Obwohl Melatonin allein die männliche Unfruchtbarkeit nicht heilen kann (zumindest nach unserem Kenntnisstand), scheint es eine wichtige Rolle bei der männlichen Fruchtbarkeit zu spielen. Männer, die sich an der Grenze zwischen Unfruchtbarkeit und Empfängnis befinden, könnten besonders von der Einnahme eines abendlichen Nahrungsergänzungsmittels profitieren oder davon, darauf zu achten, ihre natürliche Melatoninproduktion auf einem hohen Niveau zu halten.
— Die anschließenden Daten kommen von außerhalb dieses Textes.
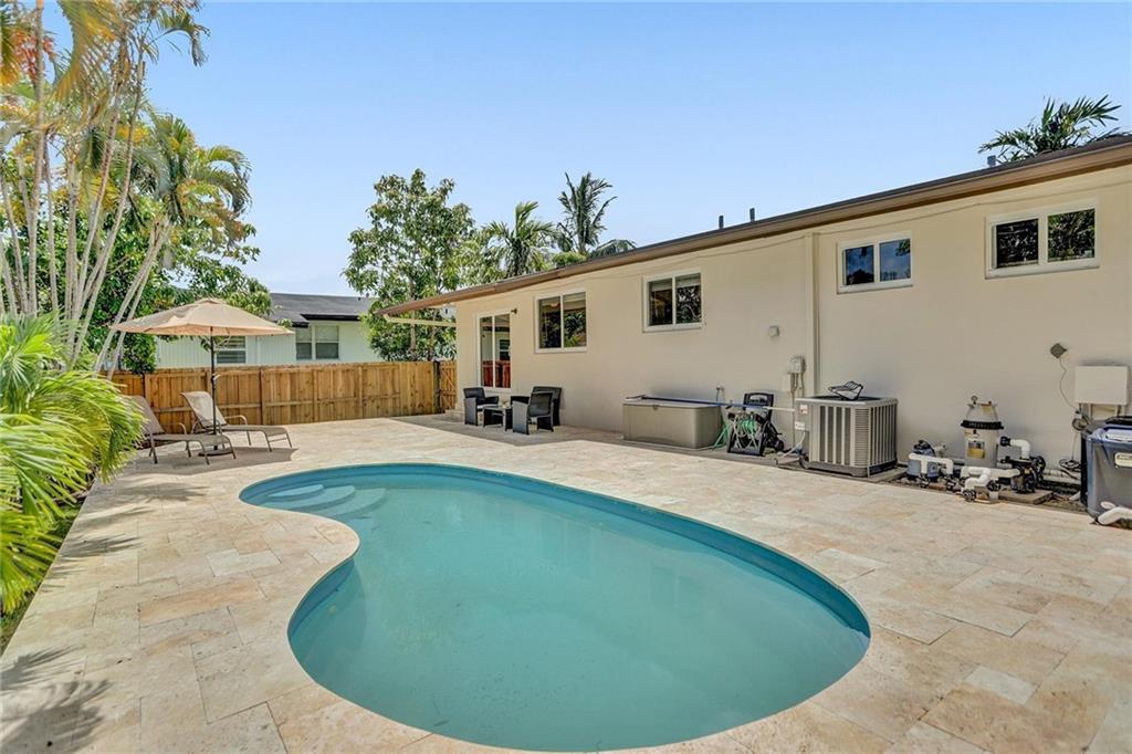 Exceptional location in Edgewood that offers quick access to and from Ft Lauderdale airport, I95, 595, downtown, Las Olas Blvd., and the beach. Located on a quiet cul-de-sac, dead end street. The home offers 1,378 SQ FT under air, 3 bedrooms, 2 baths, and a 1 car garage with storage shelves and cabinets. Parking for 5 additional cars in the driveway. No HOA. Bring your boat or RV. Views of Edgewood Passive Neighborhood Park out your front windows and a short walk to the park’s north entrance.You will love spending time in this backyard with a heated pool surrounded by a 700+ sq. ft. travertine patio. Concrete slab for a shed. Nest thermostat, Nest keyless front door lock and doorbell, and Nest motion activated security cameras with floodlights in front and back.

Verbindungen zwischen circadianem Rhythmus und Fruchtbarkeit
Viele dieser Studien wurden in-vitro durchgeführt, an Eizellen, die in einer Schale befruchtet werden, um sie bei der künstlichen Befruchtung und anderen Reproduktionstechnologien zu verwenden. Vermutlich gelten die Erkenntnisse aber auch für Konzepte, die auf ganz natürlich Weise ablaufen. Da Melatonin ein natürliches Antioxidans und Radikalfänger ist, kann es die Zellen davor bewahren, durch Atmung und andere Aktivitäten geschädigt zu werden. Dies ist wahrscheinlich ein wesentlicher Grund dafür, dass sowohl Eizellen als auch Spermien besser abschneiden, wenn sie mit Melatonin behandelt werden.
Allerdings kann der Zusammenhang zwischen einem gesunden circadianen Rhythmus und der Fruchtbarkeit auch andere Ursachen haben. Melatonin scheint bei Frauen zu gesunden Hormonzyklen beizutragen, die für Empfängnis und Schwangerschaft unerlässlich sind. Darüber hinaus können Menschen mit unregelmäßigem Melatoningehalt auch andere gesundheitliche Risikofaktoren wie Fettleibigkeit oder Diabetes Typ 2 haben, da beides mit einem niedrigen Melatoninspiegel in Verbindung gebracht wurde.
Es scheint definitiv eine Verbindung zwischen Melatonin und Fruchtbarkeitsraten zu geben; ein Zusammenhang, der immer wichtiger werden könnte, da die Unfruchtbarkeitsraten weltweit steigen. Obwohl die Kausalität in Frage gestellt bleibt, können Menschen dennoch feststellen, dass sie fruchtbarer sind, wenn sie einen gesunden Lebensstil führen und viel Schlaf und einen gut regulierten circadianen Rhythmus aufweisen.